Mon inquiétude est que, au cours des deux dernières décennies depuis que j'ai suivi un programme de réadaptation en 12 étapes, c'est toujours la principale option offerte par de nombreux professionnels, dont beaucoup sont eux-mêmes en 12 étapes et travaillent avec des personnes qui consomment des drogues. Rappelons qu'il s'agit d'un programme des années 1930 né d'un religieux »Le groupe Oxford” mouvement, provoqué après une période de prohibition de l'alcool. Au cœur se trouve la croyance que l'incapacité d'une personne à prendre des décisions sensées est limitée jusqu'à ce qu'elle remette sa volonté et sa vie à « Dieu tel que nous le comprenons ».

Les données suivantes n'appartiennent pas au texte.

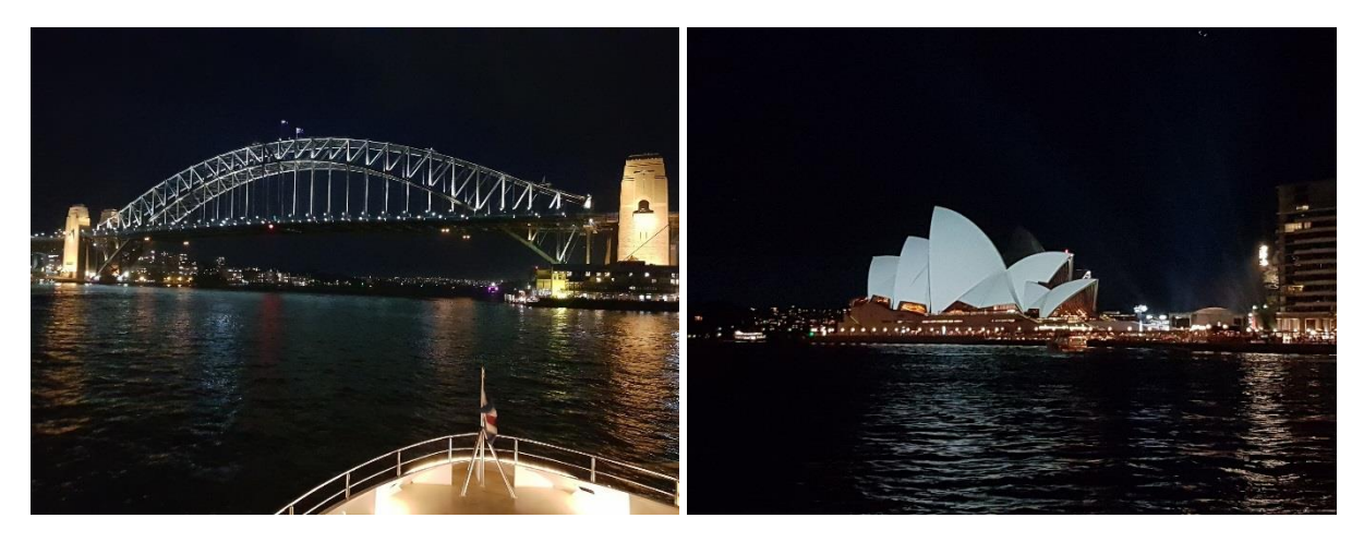
Figure 8: The cruise included sights of Darling Harbour, the iconic Sydney Harbour Bridge (left) and Opera House (right). After the dinner cruise, the participants continued discussions at the Opera House.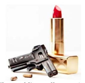
The world's smallest semi-auto pistol.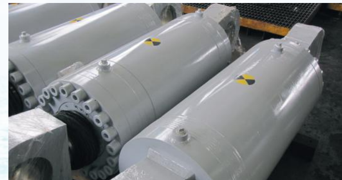
Cantilever/Drill Floor Skidding System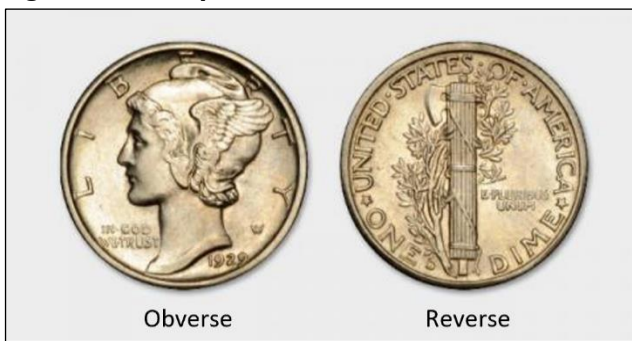
Figure 5. Mercury Dime, 1916-1945

Source: U.S. Commission of Fine Arts, "Mercury Dime," at https://www.cfa.gov/about-cfa/design-topics/coins-medals/mercury-dime .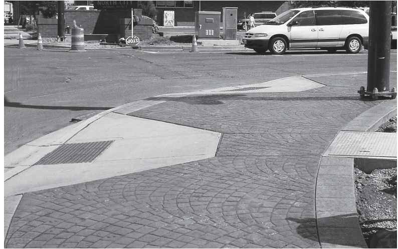
The decorative concrete work at the corner of the intersections is being poured for the North City Project.

The tree grates are already in place, protecting the deep holes waiting for the trees. The two species of trees featured along 15 th Avenue NE – Autumn Applause Ash and Chanticleer Pear – were selected because they are both narrow-growing trees with spectacular fall color. The pear also has white flowers in spring.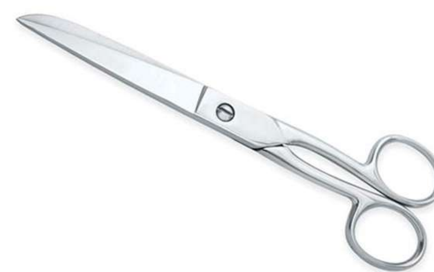
Art no: AS-3-1706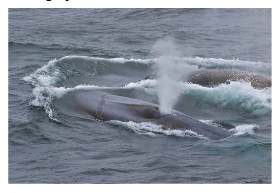
Surfacing blue whales.

En 2022, nous pouvons certainement voir que la réduction des méfaits, l'approvisionnement sûr, l'élimination de la pauvreté, la fourniture d'un logement stable, les conseils cliniques et la thérapie psychologique sociale doivent passer en premier pour aider les personnes ayant des problèmes de drogue. Ne devrions-nous pas continuer à nous battre pour mettre fin à la prohibition et à la guerre contre la drogue, qui a causé la plupart des problèmes qui se sont posés, que nous ne pouvons parfois pas affronter ou résoudre seuls ?

*Peter Krykant est chef de projet avec l'organisme de bienfaisance Cranston diriger sur des façons nouvelles et novatrices de créer un changement de système grâce à la mise en œuvre de pratiques de réduction des méfaits fondées sur des données probantes. Il est également administrateur de Libération.